While research in November found the CS-2 to be significantly faster than the Joule in the field equations, scientists at NETL have yet to report official speed comparisons for the work of the fluid dynamics announced Tuesday. That work is currently being done on a group of GPUs for comparison, Feldman said.

In the press release, NETL and Cerebras said, “The simulation is expected to run hundreds of times faster than traditional distributed computing, as previously demonstrated with similar workloads.”

Also: AI startup Cerebras has celebrated chip triumphs where others have tried and failed

The Cerebras CS-2 machine used in the project is installed at Carnegie Mellon University’s Pittsburgh Supercomputing Center as part of the Neocortex system, a “high-performance artificial intelligence (AI) computer” funded by -National Science Foundation.

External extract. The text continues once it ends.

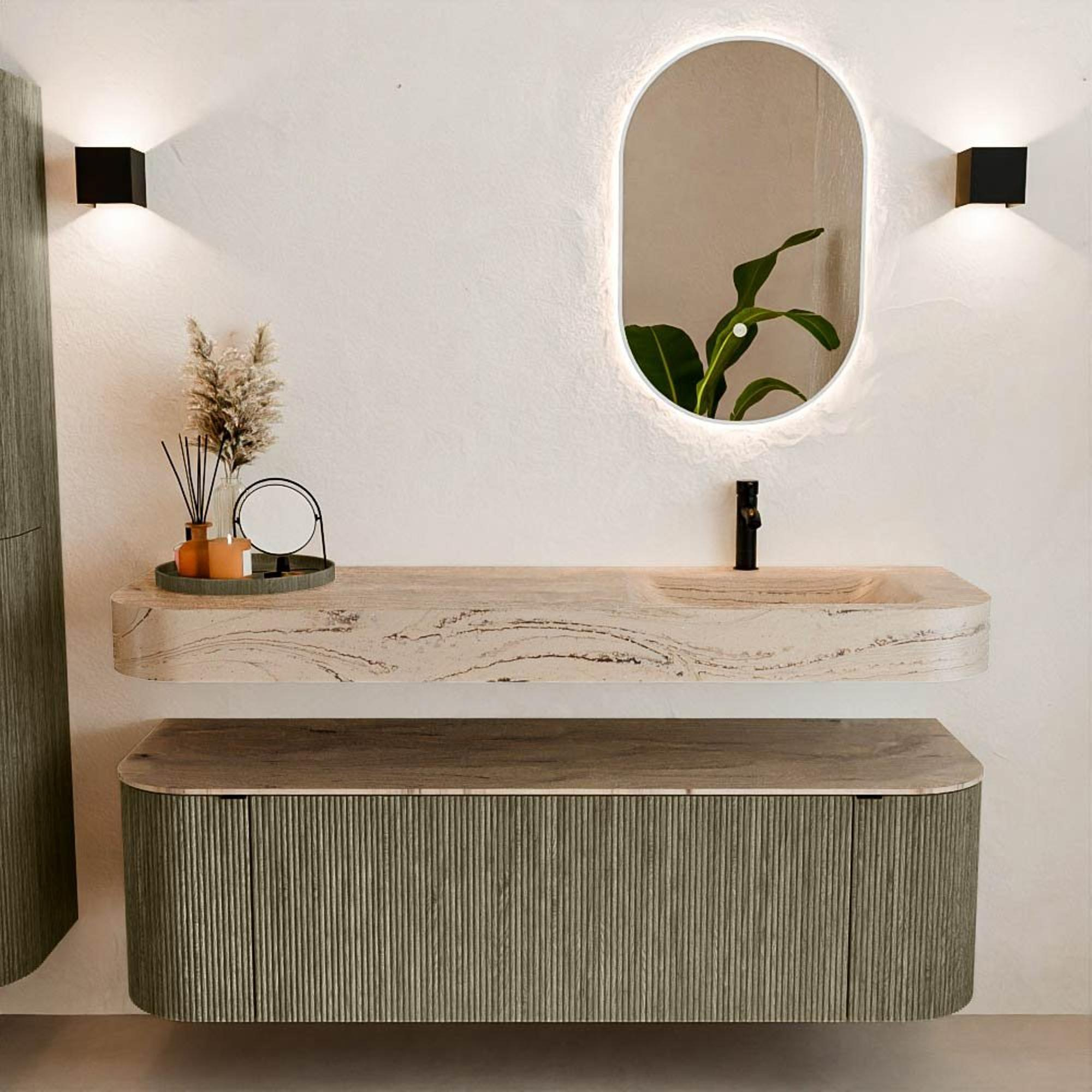 Natuurlijke materialen in warme tinten. De verticale ribbels brengen ritme en textuur in het ontwerp, terwijl het eikenhout zorgt voor een warme, ambachtelijke uitstraling. Kies uit 5 houttinten OAK, WALNUT, DUSK, SHADOW en RUBY zorgvuldig geselecteerde houtkleuren om zowel moderne als klassieke badkamers te verrijken.

The current work is not the first time that Cerebras has emerged from AI. In 2020, the WSE chip excelled in another partnership with the DoE on another set of partial differential equation problems in fluid dynamics.

Feldman, CEO of Cerebras, indicated that there are many more scientific computing opportunities coming for the company.

The simulation of buoyancy-driven Navier-Stokes flows, Feldman noted, uses “fundamental” equations in computational fluid dynamics.

“The fact that we can break it down in this simulation bodes very well for us in a variety of applications.”